Application of succinate (1 mM) to hNaDC-3-expressing oocytes yielded potential-dependent inward currents that were larger in amplitude at negative than at positive clamp potentials (Fig. 1A, •). These succinate-associated currents were, in contrast to succinate-induced currents observed in oocytes expressing rat or mouse NaDC-3, only marginally affected by increasing lithium concentrations. As measured in paired experiments in five oocytes from three donors, in the absence of lithium, currents induced by 1 mM succinate were −56 ± 6, −44 ± 5, −32 ± 4, and −22 ± 3 nA at −90, −60, −30, and 0 mV, respectively (Fig. 1A, •). These currents only slightly decreased in response to increasing concentrations of lithium. In the presence of 5 mM lithium, succinate-induced currents decreased to −41 ± 5, −32 ± 4, −26 ± 3, and −18 ± 3 nA (Fig. 1A, ▵). When at a holding potential of −90, −60, and −30 mV (Fig. 1B), the succinate-induced currents were plotted as a function of increasing lithium concentrations, residual lithium-insensitive currents of 73, 72, 81, and 81% of the initial current persisted.

Fig. 1.

Influence of increasing lithium concentrations on succinate-induced inward currents. A: current-voltage (I-V) relationships as obtained in 5 oocytes from 3 donors on application of either 1 mM succinate (•) or succinate and 0.1 mM LiCl (○), 0.5 mM LiCl (▪), 1 mM LiCl (□), 2.5 mM LiCl (▴), and 5 mM LiCl (▵) were shown. Error bars were omitted for clarity. B: succinate-associated currents, as measured in A, were plotted as a function of external lithium concentration at 3 representative clamp potentials: Vc −90, −60, and −30 mV. Data are means ± SE from 5 oocytes from 3 donors.

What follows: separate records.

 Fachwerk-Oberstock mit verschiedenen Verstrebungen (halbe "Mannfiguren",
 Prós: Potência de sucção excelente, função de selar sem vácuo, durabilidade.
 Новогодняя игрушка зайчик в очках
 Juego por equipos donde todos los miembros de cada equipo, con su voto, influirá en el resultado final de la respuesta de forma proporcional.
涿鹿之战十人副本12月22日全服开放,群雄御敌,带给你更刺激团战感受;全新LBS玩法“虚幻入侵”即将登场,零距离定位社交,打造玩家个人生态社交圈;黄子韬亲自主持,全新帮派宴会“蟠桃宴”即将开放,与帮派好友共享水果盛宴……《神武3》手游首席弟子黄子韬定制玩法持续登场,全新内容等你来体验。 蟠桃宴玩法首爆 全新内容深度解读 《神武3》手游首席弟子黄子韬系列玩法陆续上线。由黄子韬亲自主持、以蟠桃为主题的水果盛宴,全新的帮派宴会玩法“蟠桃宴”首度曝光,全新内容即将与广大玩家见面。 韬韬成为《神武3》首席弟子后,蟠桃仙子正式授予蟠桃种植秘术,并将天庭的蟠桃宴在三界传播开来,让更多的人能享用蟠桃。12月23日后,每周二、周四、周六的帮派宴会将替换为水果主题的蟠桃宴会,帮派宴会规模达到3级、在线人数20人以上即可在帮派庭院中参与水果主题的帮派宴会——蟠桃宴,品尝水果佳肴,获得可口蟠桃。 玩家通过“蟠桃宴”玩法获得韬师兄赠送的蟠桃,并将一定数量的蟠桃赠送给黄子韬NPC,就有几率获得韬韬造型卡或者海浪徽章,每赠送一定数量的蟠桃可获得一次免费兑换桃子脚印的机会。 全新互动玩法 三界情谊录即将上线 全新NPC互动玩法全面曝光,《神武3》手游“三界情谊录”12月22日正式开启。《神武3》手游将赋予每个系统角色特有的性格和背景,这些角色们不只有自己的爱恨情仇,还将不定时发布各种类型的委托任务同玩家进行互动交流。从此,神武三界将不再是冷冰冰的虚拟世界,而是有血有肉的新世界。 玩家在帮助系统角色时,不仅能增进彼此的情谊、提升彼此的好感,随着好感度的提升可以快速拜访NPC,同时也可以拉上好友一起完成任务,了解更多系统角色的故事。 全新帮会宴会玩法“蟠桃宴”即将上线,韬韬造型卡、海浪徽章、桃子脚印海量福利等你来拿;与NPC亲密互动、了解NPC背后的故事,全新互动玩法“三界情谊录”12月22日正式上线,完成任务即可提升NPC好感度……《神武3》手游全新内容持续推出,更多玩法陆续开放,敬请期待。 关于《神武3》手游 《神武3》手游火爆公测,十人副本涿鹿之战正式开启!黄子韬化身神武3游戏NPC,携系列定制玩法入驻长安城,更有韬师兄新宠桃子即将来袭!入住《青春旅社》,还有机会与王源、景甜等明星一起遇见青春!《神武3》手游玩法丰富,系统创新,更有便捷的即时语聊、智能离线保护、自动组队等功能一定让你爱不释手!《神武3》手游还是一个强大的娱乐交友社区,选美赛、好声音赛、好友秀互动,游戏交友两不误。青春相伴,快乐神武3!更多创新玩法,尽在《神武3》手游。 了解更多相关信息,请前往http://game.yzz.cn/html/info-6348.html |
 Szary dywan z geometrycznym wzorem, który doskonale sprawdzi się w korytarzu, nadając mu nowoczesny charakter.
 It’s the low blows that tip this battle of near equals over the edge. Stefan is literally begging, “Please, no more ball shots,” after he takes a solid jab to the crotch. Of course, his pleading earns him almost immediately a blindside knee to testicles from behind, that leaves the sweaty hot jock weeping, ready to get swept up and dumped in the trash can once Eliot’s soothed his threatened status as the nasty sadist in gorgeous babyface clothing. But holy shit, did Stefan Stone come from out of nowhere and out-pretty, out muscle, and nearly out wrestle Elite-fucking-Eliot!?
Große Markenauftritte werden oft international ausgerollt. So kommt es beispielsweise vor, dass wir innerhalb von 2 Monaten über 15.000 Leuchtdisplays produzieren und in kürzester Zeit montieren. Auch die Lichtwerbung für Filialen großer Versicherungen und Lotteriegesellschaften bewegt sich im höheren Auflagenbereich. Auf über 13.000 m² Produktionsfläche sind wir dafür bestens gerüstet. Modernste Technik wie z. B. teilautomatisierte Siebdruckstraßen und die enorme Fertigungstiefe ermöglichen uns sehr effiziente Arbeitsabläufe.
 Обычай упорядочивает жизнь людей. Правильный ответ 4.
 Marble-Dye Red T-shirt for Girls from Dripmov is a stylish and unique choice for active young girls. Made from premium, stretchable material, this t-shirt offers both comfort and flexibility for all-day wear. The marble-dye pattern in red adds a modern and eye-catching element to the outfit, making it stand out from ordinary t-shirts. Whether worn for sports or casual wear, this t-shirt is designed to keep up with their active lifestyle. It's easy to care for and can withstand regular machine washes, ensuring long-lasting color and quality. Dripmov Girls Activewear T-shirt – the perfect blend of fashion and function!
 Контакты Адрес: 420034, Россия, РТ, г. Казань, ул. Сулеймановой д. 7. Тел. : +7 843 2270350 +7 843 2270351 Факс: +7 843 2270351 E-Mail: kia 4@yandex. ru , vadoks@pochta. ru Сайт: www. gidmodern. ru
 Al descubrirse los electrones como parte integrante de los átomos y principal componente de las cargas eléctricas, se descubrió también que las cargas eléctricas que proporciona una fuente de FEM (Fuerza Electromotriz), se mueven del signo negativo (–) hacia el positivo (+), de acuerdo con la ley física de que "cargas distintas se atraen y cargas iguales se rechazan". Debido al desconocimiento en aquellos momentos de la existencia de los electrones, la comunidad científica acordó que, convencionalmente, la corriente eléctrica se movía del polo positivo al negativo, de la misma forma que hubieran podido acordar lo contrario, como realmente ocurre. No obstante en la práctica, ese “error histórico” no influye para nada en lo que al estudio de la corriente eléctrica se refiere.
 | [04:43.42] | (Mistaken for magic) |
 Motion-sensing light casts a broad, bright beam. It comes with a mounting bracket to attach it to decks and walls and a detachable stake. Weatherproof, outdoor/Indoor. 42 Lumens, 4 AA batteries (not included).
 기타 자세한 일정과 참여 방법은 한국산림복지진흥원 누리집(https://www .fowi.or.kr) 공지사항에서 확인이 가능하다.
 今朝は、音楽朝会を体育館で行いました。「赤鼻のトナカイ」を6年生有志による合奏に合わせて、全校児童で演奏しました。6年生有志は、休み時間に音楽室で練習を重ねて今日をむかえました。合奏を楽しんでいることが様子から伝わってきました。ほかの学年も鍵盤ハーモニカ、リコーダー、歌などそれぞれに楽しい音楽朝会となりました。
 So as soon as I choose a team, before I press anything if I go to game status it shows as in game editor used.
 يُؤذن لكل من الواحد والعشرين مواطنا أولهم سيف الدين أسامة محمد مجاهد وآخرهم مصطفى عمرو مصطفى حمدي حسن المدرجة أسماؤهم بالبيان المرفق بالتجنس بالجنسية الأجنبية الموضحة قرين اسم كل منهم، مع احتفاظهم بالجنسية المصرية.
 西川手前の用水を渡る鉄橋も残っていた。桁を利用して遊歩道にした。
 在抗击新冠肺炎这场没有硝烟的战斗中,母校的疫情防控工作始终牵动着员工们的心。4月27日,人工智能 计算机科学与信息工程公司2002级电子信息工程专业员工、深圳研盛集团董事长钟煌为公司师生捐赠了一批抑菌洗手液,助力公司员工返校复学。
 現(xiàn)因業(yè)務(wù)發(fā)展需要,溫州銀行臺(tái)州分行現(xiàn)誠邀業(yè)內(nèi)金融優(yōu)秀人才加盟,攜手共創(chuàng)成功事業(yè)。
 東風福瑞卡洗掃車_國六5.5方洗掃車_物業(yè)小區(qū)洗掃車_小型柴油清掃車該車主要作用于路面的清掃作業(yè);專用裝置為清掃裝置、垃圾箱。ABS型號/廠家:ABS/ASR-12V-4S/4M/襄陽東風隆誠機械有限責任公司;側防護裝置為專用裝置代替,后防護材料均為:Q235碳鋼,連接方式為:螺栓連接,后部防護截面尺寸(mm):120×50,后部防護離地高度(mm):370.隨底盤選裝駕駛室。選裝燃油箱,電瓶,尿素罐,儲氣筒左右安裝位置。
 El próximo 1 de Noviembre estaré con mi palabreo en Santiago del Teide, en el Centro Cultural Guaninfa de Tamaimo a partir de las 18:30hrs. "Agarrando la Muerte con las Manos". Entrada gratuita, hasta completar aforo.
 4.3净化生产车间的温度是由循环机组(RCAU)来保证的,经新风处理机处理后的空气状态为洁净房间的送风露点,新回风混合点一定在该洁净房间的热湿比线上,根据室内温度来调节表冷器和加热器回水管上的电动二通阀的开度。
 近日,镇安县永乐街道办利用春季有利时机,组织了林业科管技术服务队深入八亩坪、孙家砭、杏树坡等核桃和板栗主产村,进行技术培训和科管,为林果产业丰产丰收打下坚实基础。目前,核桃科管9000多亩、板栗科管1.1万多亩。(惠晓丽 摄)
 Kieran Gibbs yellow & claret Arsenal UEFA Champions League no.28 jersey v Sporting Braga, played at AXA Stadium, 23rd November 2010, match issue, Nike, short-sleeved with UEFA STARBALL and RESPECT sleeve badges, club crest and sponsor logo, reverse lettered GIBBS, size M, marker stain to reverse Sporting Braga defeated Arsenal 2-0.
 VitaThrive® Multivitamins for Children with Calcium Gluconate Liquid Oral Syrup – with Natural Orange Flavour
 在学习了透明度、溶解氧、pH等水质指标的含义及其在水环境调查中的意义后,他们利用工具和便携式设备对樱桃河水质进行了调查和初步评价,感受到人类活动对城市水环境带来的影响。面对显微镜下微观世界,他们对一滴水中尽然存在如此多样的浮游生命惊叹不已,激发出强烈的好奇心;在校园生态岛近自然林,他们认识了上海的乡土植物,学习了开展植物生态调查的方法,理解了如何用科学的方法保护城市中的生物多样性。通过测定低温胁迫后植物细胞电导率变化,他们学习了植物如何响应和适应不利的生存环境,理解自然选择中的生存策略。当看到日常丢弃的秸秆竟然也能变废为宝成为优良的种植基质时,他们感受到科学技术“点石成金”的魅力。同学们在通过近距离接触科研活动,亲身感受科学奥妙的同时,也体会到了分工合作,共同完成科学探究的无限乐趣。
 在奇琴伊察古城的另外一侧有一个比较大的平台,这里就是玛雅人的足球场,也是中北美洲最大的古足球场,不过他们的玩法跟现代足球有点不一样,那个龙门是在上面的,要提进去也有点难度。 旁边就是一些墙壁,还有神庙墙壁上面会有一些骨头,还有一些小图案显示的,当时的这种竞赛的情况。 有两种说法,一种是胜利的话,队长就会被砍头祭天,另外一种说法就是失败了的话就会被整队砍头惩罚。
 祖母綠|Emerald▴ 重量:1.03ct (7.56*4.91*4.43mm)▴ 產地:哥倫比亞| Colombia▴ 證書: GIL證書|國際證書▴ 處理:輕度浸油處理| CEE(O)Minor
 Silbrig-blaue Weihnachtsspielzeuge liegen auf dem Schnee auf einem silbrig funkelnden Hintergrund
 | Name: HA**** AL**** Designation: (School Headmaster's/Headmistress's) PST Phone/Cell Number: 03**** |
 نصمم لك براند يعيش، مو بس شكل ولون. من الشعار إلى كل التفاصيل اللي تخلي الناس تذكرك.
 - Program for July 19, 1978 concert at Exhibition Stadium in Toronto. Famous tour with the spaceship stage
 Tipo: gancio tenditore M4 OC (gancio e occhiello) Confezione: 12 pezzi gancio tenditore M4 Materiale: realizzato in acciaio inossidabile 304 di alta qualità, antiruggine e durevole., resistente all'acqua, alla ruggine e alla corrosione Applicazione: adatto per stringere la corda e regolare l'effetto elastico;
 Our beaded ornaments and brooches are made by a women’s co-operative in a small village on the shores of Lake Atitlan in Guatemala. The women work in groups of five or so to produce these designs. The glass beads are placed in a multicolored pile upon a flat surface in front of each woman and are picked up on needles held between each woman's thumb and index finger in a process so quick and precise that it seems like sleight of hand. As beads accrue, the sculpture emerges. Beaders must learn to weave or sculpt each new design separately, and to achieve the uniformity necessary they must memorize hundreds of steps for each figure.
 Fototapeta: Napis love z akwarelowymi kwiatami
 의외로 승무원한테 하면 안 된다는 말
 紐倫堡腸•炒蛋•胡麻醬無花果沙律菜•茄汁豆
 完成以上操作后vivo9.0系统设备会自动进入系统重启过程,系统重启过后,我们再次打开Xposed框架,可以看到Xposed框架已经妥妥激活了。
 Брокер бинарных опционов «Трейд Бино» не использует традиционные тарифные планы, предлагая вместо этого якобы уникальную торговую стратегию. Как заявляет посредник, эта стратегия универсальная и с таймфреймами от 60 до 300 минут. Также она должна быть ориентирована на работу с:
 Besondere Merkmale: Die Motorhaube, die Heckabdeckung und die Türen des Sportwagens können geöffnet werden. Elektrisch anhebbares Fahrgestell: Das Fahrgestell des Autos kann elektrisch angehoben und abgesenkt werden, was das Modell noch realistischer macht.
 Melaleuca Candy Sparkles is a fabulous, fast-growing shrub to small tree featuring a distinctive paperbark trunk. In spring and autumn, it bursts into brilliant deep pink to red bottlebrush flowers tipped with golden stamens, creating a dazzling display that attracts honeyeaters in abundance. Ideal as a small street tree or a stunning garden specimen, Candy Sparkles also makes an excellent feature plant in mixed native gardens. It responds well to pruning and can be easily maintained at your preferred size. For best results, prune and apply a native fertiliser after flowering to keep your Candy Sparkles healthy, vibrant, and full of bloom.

Total replacement of sodium by lithium, as performed in paired studies with four hNaDC-3-expressing oocytes from four donors, revealed the following results. In the presence of sodium, steady-state currents showed in the absence (Fig. 2A, ▪) and presence (1 mM, Fig. 2A, □) of succinate near-to-linear I-V relationships throughout the tested potential range. Succinate-induced currents (Fig. 2C, •) were inwardly directed within the potential range between −90 and 0 mV, in support of the proposed coupling of three sodium ions for each divalent succinate. When all sodium was replaced by lithium (Fig. 2B), steady-state currents in the absence (Fig. 2B, ▵) and presence of succinate (1 mM, Fig. 2B, ▴) showed again near-to-linear I-V relationships. The succinate-associated currents (Fig. 2C, ○), however, differed markedly from those obtained in the presence of sodium. These currents increased in amplitude as the potential depolarized (Fig. 2C, ○). For comparison, the succinate-induced currents in the presence of sodium decreased from −44 ± 5 nA at −90 mV to −30 ± 7 nA at −30 mV (Fig. 2C, •) and changed in the presence of lithium from 3 ± 2 nA at −90 mV to −7 ± 2 nA at −30 mV (Fig. 2C, ○). When all sodium was replaced by N-methyl-d-glucamine, succinate-induced currents were completely abolished (data not shown).

Fig. 2.

Comparison of the succinate-induced currents in the presence of sodium (A) and during total replacement of sodium by lithium (B). In paired experiments on 4 oocytes from 4 different frogs, steady-state currents were first measured in control, sodium-containing solution in the absence (▪) and then in the presence (□) of 1 mM succinate. Afterwards, total sodium was replaced by eqimolar concentration of lithium and currents were obtained in the absence (▴) and presence of 1 mM succinate (▵). The respective succinate-induced currents are shown in (C), where the • represents the currents obtained by subtraction of the currents shown in A and the ○ those in B.

Substrate specificity: Carbon chain length and different substitutions at C-2 and C-3.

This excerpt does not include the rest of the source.